Confidence Interval = (sample mean) ± (critical value) * (standard deviation / √sample size)

a) For a 90% confidence interval, the critical value can be found using a normal distribution table or a statistical calculator. Using either method, we find that the critical value for a 90% confidence level is approximately 1.645.
So, the 90% confidence interval is:
(74.8) ± (1.645) * (15.3 / √36) = 74.8 ± 3.192

Therefore, the 90% confidence interval for μ is (71.608, 78.992).

b) For a 95% confidence interval, the critical value can be found using a normal distribution table or a statistical calculator. Using either method, we find that the critical value for a 95% confidence level is approximately 1.96.
So, the 95% confidence interval is:
(74.8) ± (1.96) * (15.3 / √36) = 74.8 ± 3.403

Therefore, the 95% confidence interval for μ is (71.397, 78.203).

c) For a 99% confidence interval, the critical value can be found using a normal distribution table or a statistical calculator. Using either method, we find that the critical value for a 99% confidence level is approximately 2.576.
So, the 99% confidence interval is:
(74.8) ± (2.576) * (15.3 / √36) = 74.8 ± 4.139

Therefore, the 99% confidence interval for μ is (70.661, 78.939).

d) Yes, the width of the confidence intervals constructed in parts a through c increases as the confidence level increases. This is because a higher confidence level requires including a larger range of values around the sample mean to capture a larger proportion of the population. Consequently, a larger range results in a wider confidence interval.

To calculate confidence intervals, you can use the formula:

Confidence Interval = Sample Mean ± (Z * (σ / √n))

Where:
- Sample Mean is the mean of the sample observations
- Z is the Z-score that corresponds to the desired level of confidence
- σ is the standard deviation (known in this case)
- n is the sample size

a) To make a 90% confidence interval for μ:
- The level of confidence is 90%, so the corresponding Z-score is 1.645 (you can look up the Z-score from a Z-table).
- Substituting the values: Confidence Interval = 74.8 ± (1.645 * (15.3 / √36))
- Calculate the interval: Confidence Interval = 74.8 ± 4.03
- The 90% confidence interval for μ is (70.77, 78.83).

b) To construct a 95% confidence interval for μ:
- The level of confidence is 95%, so the corresponding Z-score is 1.96.
- Substituting the values: Confidence Interval = 74.8 ± (1.96 * (15.3 / √36))
- Calculate the interval: Confidence Interval = 74.8 ± 4.52
- The 95% confidence interval for μ is (70.28, 79.32).
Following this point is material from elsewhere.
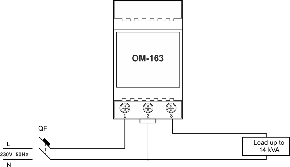 The OM-163 is designed to limit the consumed power as well as to disconnect the connected equipment in cases of:

c) To determine a 99% confidence interval for μ:
- The level of confidence is 99%, so the corresponding Z-score is 2.576.
- Substituting the values: Confidence Interval = 74.8 ± (2.576 * (15.3 / √36))
- Calculate the interval: Confidence Interval = 74.8 ± 6.15
- The 99% confidence interval for μ is (68.65, 80.95).

d) The width of the confidence intervals does increase as the confidence level increases. This is because as the level of confidence increases, the Z-score becomes larger, resulting in a larger margin of error. The larger margin of error leads to wider intervals, as it allows for a greater range of possible population means.